Posted By Leah Baker

Here are some tips to use when writing your next RFP for surveys or other research services. We like to divide our proposals into the following sections: Introduction and Goal; Questionnaire Design; Research Methodology and Sampling Strategy; Computer Programming and Data Entry; Final Report with Statistical Tables and Graphs; Schedule; Costs; and Company Background.


Company Background--At least one executive should have a college degree that included statistics courses. This can be a bachelor’s degree, but a master’s degree or Ph.D. with courses in research methodology is preferable.


Ownership--Be sure that your assn owns the results.


Costs--Ask for a fixed cost for the research services and it is usual to pay half to start and half at the end. The cost should include design of research methodology and any sampling strategy, q're design, computer programming, data entry, and final report with tables and narrative analysis. With mail surveys there will be additional costs for printing, postage, and mail-related services. With Internet surveys there may be additional costs for sending and hosting.


Schedule--After you cut-off the surveys, it should take no longer than 3 to 4 weeks for the company to produce the final report. In my opinion, if it takes longer than a few weeks they are wasting your time and money.


Final Report--The final report should include a methodology statement, tables, narrative report with analysis, graphs such as pie charts/bar graphs, and an Executive Summary. What if you want more crosstabs in the future? My company offers to produce any crosstabs in the future at no extra cost. The summary statistics at the bottom of each crosstab table should include chi square and mean and possibly more since these help guide the data analyst. Results for salary surveys can be reported by quartiles or every tenth percentile.
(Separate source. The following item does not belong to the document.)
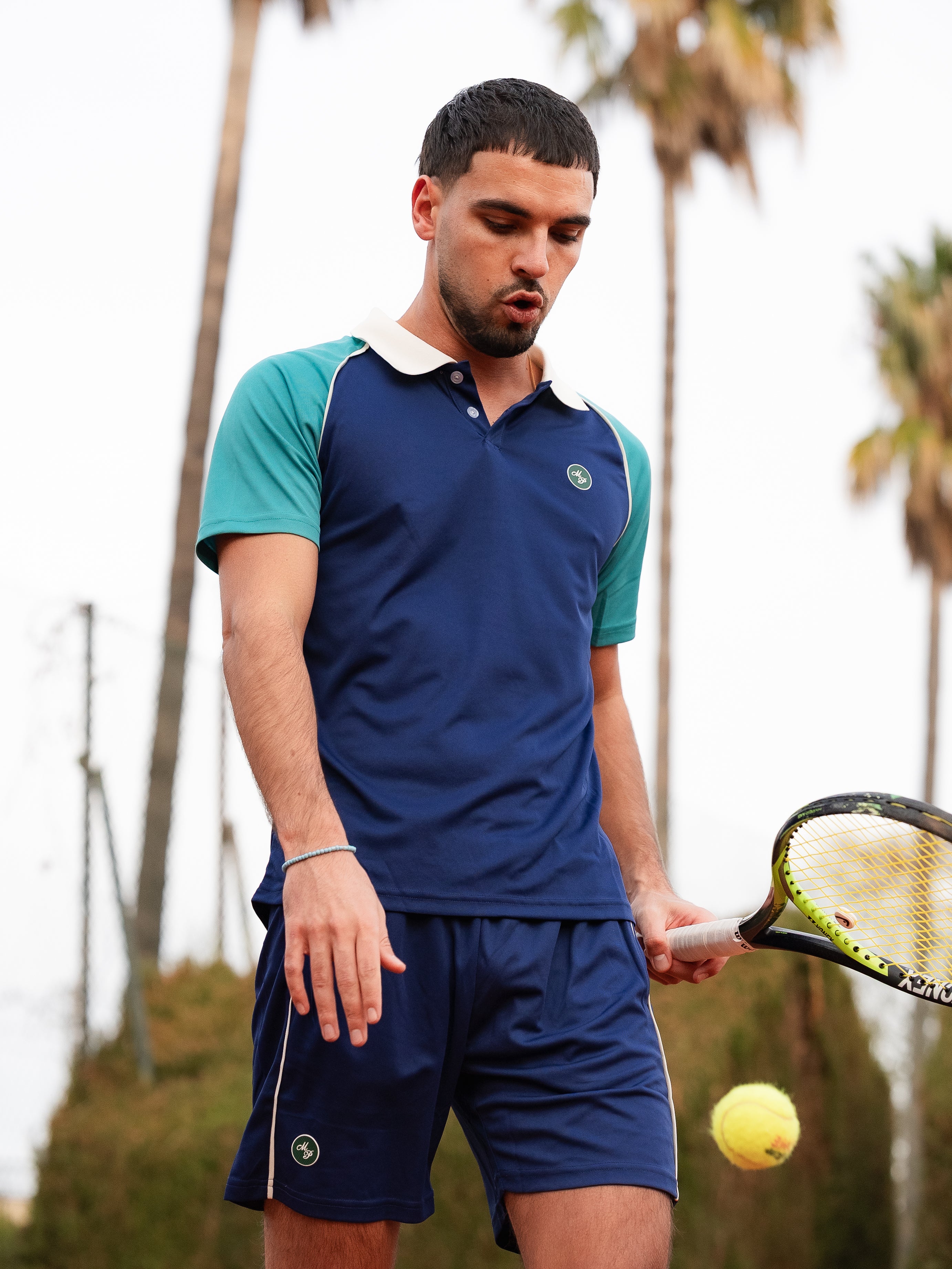 Le polo Riviera incarne l’élégance sportive dans sa version la plus pure. Conçu pour le mouvement et la performance, il associe une coupe classique à des finitions modernes. Son coloris bleu profond est subtilement rehaussé par des manches contrastées bleu-vert, signature visuelle inspirée de l’univers Match Point.

The summary statistics (at the bottom of each crosstab table) for salary surveys should include mean, median, and mode as well as the lowest and highest salary.


For more info call 703-772-5263

Posted By Leah Baker

Please be an educated consumer and know that there are two kinds of research: scientific and un-scientific. You cannot make generalizations from studies if they were not done scientifically! Statisticians have known this a long time - remember the headline “Dewey Beats Truman” in the 1948 presidential election!


Scientific research follows the rules of statistics and randomness and includes a detailed methodology statement explaining how these rules were followed. It is especially important when selecting a random sample or a stratified random sample of people to be surveyed. If these rules are followed, then you can use the survey results of a sample to accurately predict the behavior of all your association members or other organizations, i.e. you can generalize. The person conducting the scientific research will be able to tell you the level of confidence – for example, “you can predict within plus-or-minus 2.5 percentage points at the 95% level of confidence.” They can explain how many people you need to survey to achieve different levels of confidence and they can also explain non-response bias.


Unscientific research or open-ended research does not rely on these methods and should never be used to predict the behavior of all of your association members or of associations in general. This type of research includes such things as interviews, focus groups, and any survey of a sample of people not done scientifically. When reporting the results of these projects, be careful to say something like “The majority of the respondents to this survey say that . . .” You cannot generalize about all members or all associations. There should be a statement at the beginning of the final report saying the survey was not done scientifically and generalizations cannot be made.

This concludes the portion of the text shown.